**TASK REQUIREMENTS**
In the data below, find the line with "Male Japanese rockstar" and the line with "❸それからは森戸神社の先の真名瀬海岸まで海辺を歩いた。", then restate both and every line between them exactly, minus the pictures.
_ _ _ _
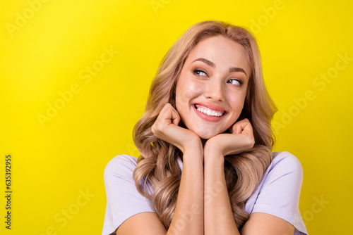 Photo of dreamy adorable lady wear purple polo showing arms cheeks looking empty space isolated yellow color background
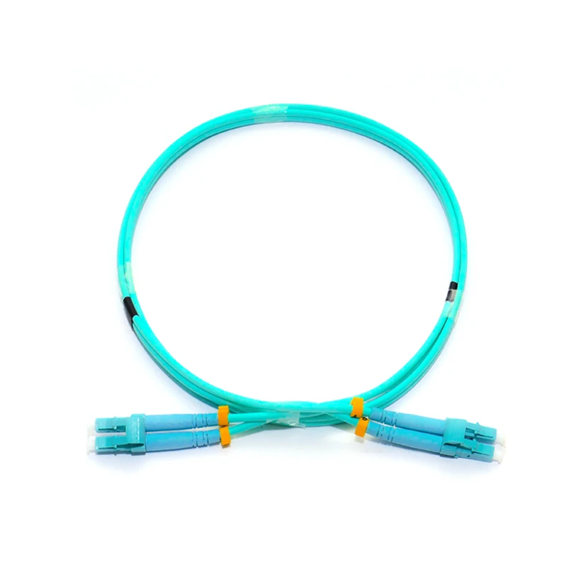 Duplex multimode patch cord with SC connectors on both ends for OM3 fiber links.
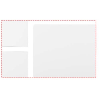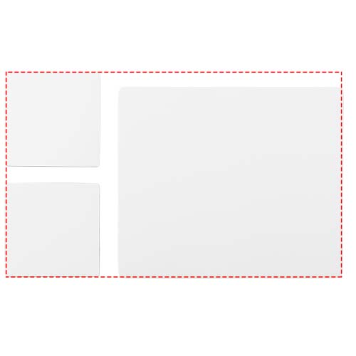 Mukana Q-Mat-hiirimatto hiiri ja kaksi vastaavaa lasinalusta, joissa on yrityksesi painatus. Settiin kuuluu suorakulmainen hiirimatto (0,3 x 23,5 x 20 cm) ja kaksi neliönmuotoista lasinalusta (0,3 x 9,8 x 9,8 cm).
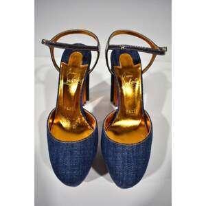 Christian Louboutin Coluna Pump 130 Denim Blue Gold Ankle Strap Platform Heel 41
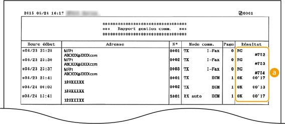 La mention "OK" indique que la transmission s'est bien déroulée alors que la mention "NG" suivie de trois chiffres (code d'erreur) signale un échec de la transmission (Si un code d'erreur apparaît). En cas d'envoi à une adresse e-mail, le rapport considère les résultats de la transmission entre l'appareil et le serveur de messagerie et non ceux entre l'appareil et l'adresse du destinataire à proprement parler.
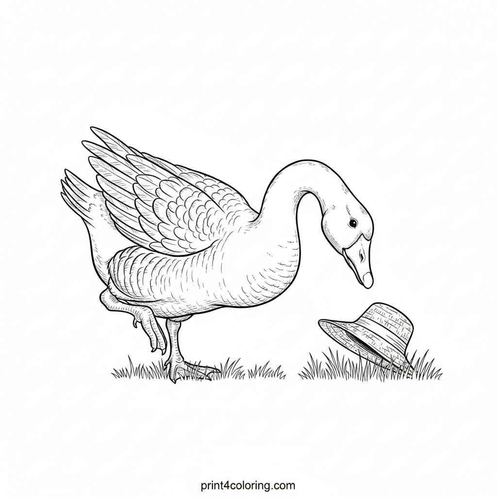 Discover a charming scene where a friendly goose, with every feather subtly outlined, tilts its head in gentle wonder. It's curiously examining a tiny, intricately woven straw hat resting on finely detailed grass. Use your colors to bring this inquisitive moment to life and imagine the goose's next adventure!
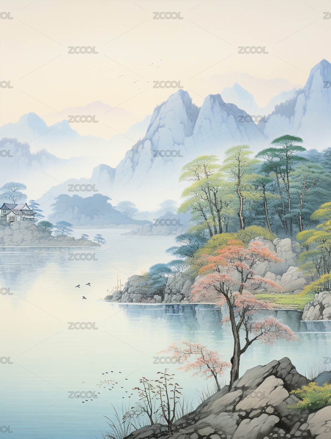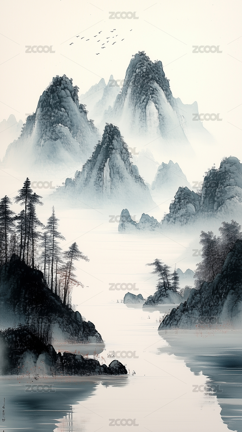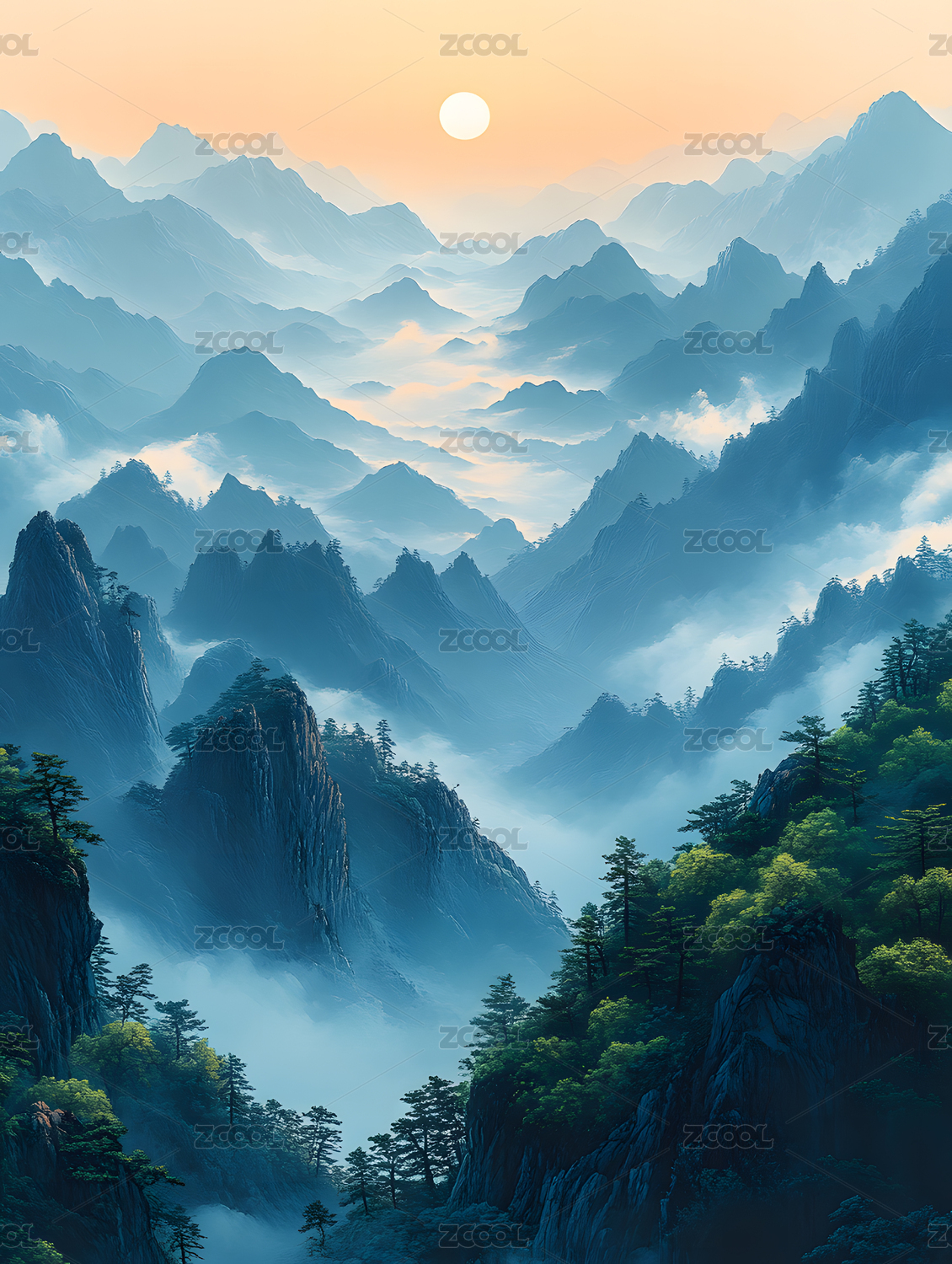 背景,壁纸,插画,蓝色,概念,流动,简单,云景,青色,山水画
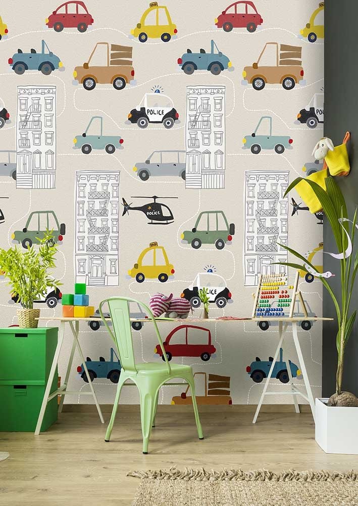 Dit vliesbehang is op maat verkrijgbaar en wordt in Nederland geproduceerd. Het speelse ontwerp prikkelt de fantasie en is ideaal voor een kinderkamer of speelhoek van kleine autofans.
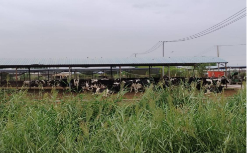 清风阵阵,望眼过去一片绿色。在参观了解饲料制作机器及其制作流程后,团队成员继续参观了苜蓿种植基地和奶牛养殖基地,苜蓿草长势喜人,已经收获了一茬。通过介绍,团队得知该公司牧场占地面积240亩,现存栏荷斯坦奶牛2300头,奶牛产奶量可观。一个个的现代化圈舍,其中“奶牛们”悠然自得,享受着食物带来的满足与充实。团队了解到苜蓿草中含有丰富的蛋白质、维生素和矿物质等,可以有效补充牛的营养。其中含有的未知生长因子,可以帮助促进牛的生长发育,使其更快更健康地生长。苜蓿草口感较好,含有多种微量元素和氨基酸,在可以提高奶牛食欲、使其更容易消化吸收其他饲料的同时,还可以提高奶牛的自身免疫力,预防疾病。此外,苜蓿草可以调节牛的体温,使其体温保持在正常的范围内。
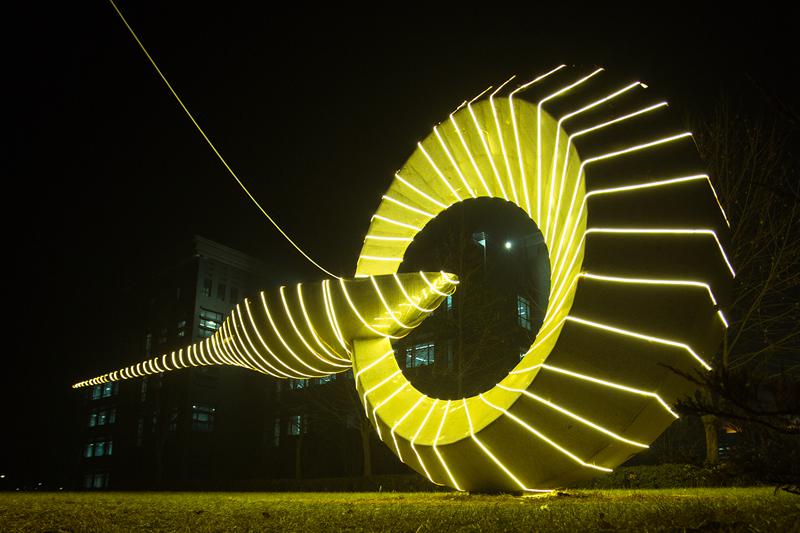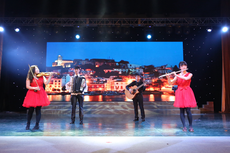 2015年新年鐘聲即將敲響,校園里彌漫著熱鬧歡慶的氣息。樹梢上五顏六色的彩燈點亮了夜空,“百花”雕塑上懸掛著的“2015”絢麗奪目,天橋上閃爍著的霓虹燈繽紛爛漫。文體館內,師生們為一年一度的元旦晚會做著積極的準備。
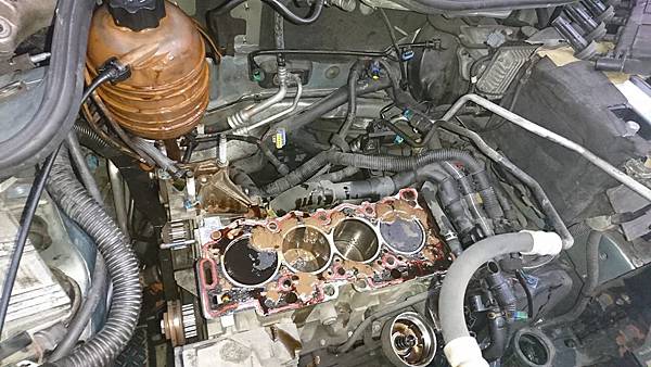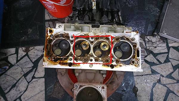 引擎汽缸頭拆下來.中間兩缸沒著火特乾淨.
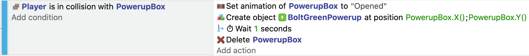 Use the action to wait a bit before launching an action. For example, here we create a power-up item when the player touches a power-up box, and then delete the box 1 second after:
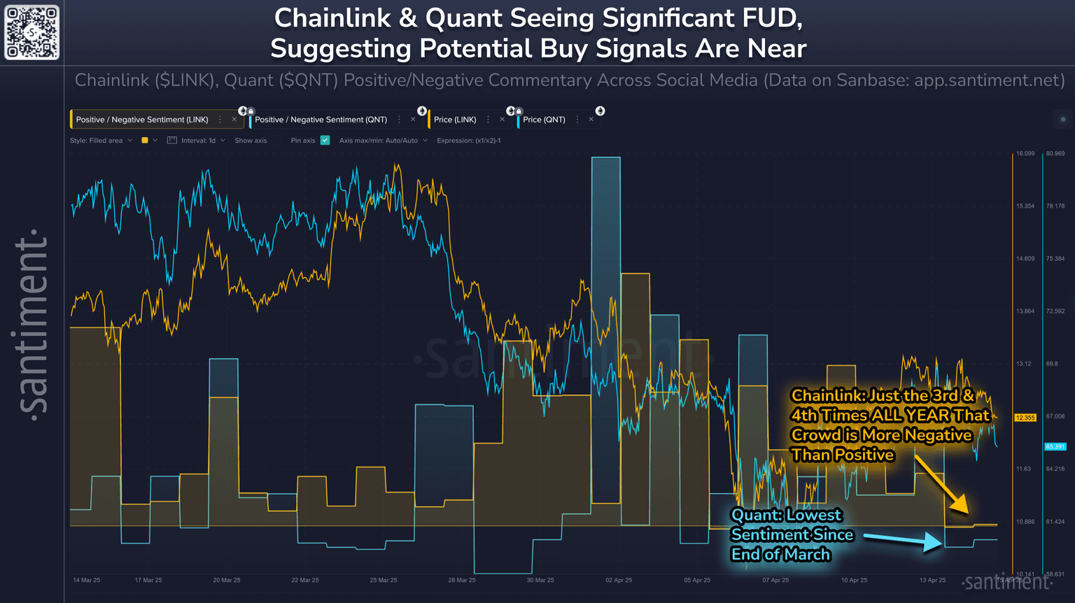 ๐ฎ As crypto markets range, keep an eye on the FUD forming around Chainlink and Quant. Their 3-week price dips have made traders grow impatient. Markets typical
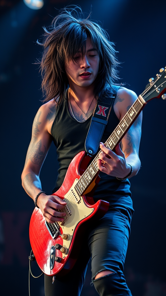 Male Japanese rockstar playing an electric guitar on stage, exhibiting long, tousled hair and tattoos, captured in a full-body shot. This photography features cinematic and diffused soft lighting, highlighting the detailed, realistic skin texture and achieving a photo-realistic, highly detailed effect. The image employs a shallow depth of field with sharp focus and real shadows, embodying hyperrealism in 8k resolution. It avoids undesirable elements such as poor quality, jpeg artifacts, or any distortions. Emphasizing a striking presence, the subject is captured with artistic imperfections outside of frame, maintaining authenticity and dynamism, while avoiding any exaggerated or incorrect anatomy.
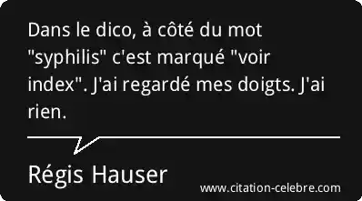Dans le dico, à côté du mot "syphilis" c'est marqué "voir index". J'ai regardé mes doigts. J'ai rien.
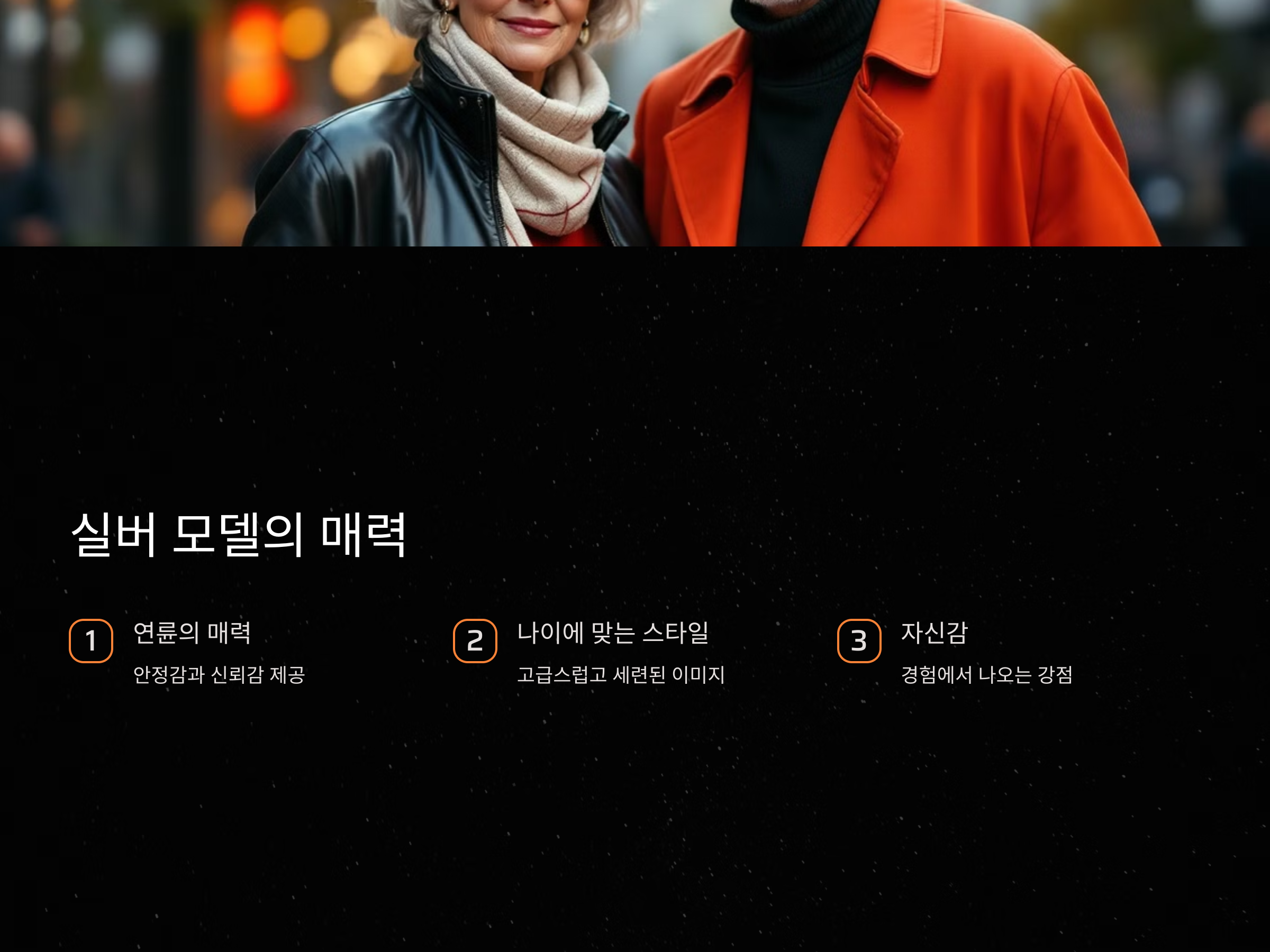 실버 모델의 가장 큰 장점은 연륜에서 나오는 고유한 매력입니다. 젊은 모델들과 달리, 실버 모델은 나이에 맞는 안정감과 신뢰감을 줄 수 있기 때문에 광고나 패션계에서 점점 더 주목받고 있습니다. 이러한 매력을 찾아내는 것이 첫 번째 단계입니다.
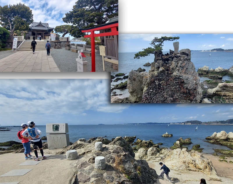 ❸それからは森戸神社の先の真名瀬海岸まで海辺を歩いた。
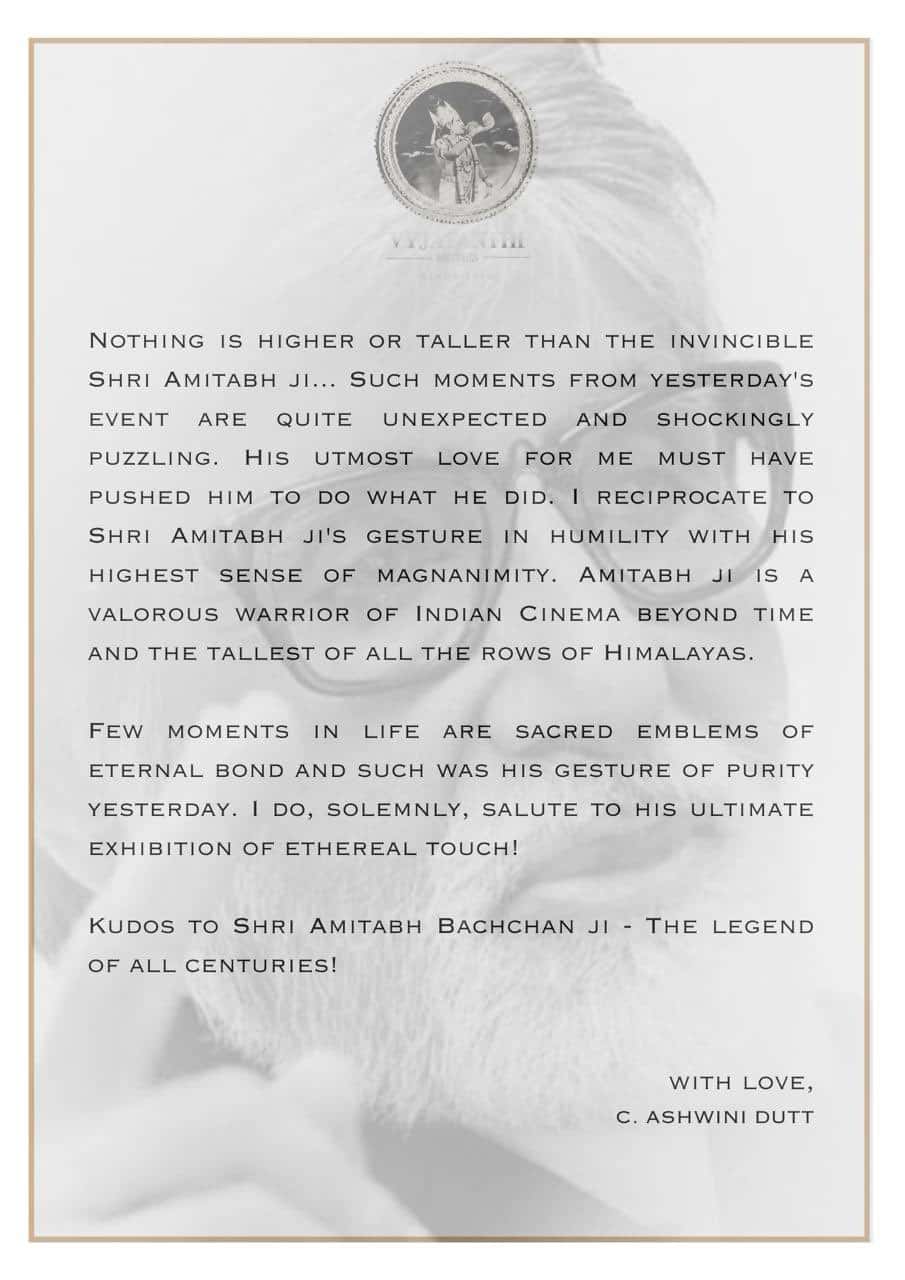 “Nothing is higher or taller than the invincible Shri Amitabh Ji. Such moments from yesterday’s event are quite unexpected and shockingly puzzling. His utmost love for me must have pushed him to do what he did. I reciprocate to Amitabh ji’s gesture in humility with his highest sense of magnanimity. Few moments in life are sacred emblems of eternal bond, and such was his gesture of purity yesterday. I do solemnly salute his ultimate ethereal touch. Kudos to Amitabh Bachchan Ji – The legend of all centuries,” wrote the ace producer.
_ _ _ _
**EXERCISE OUTPUT**
 Male Japanese rockstar playing an electric guitar on stage, exhibiting long, tousled hair and tattoos, captured in a full-body shot. This photography features cinematic and diffused soft lighting, highlighting the detailed, realistic skin texture and achieving a photo-realistic, highly detailed effect. The image employs a shallow depth of field with sharp focus and real shadows, embodying hyperrealism in 8k resolution. It avoids undesirable elements such as poor quality, jpeg artifacts, or any distortions. Emphasizing a striking presence, the subject is captured with artistic imperfections outside of frame, maintaining authenticity and dynamism, while avoiding any exaggerated or incorrect anatomy.
Dans le dico, à côté du mot "syphilis" c'est marqué "voir index". J'ai regardé mes doigts. J'ai rien.
 실버 모델의 가장 큰 장점은 연륜에서 나오는 고유한 매력입니다. 젊은 모델들과 달리, 실버 모델은 나이에 맞는 안정감과 신뢰감을 줄 수 있기 때문에 광고나 패션계에서 점점 더 주목받고 있습니다. 이러한 매력을 찾아내는 것이 첫 번째 단계입니다.
 ❸それからは森戸神社の先の真名瀬海岸まで海辺を歩いた。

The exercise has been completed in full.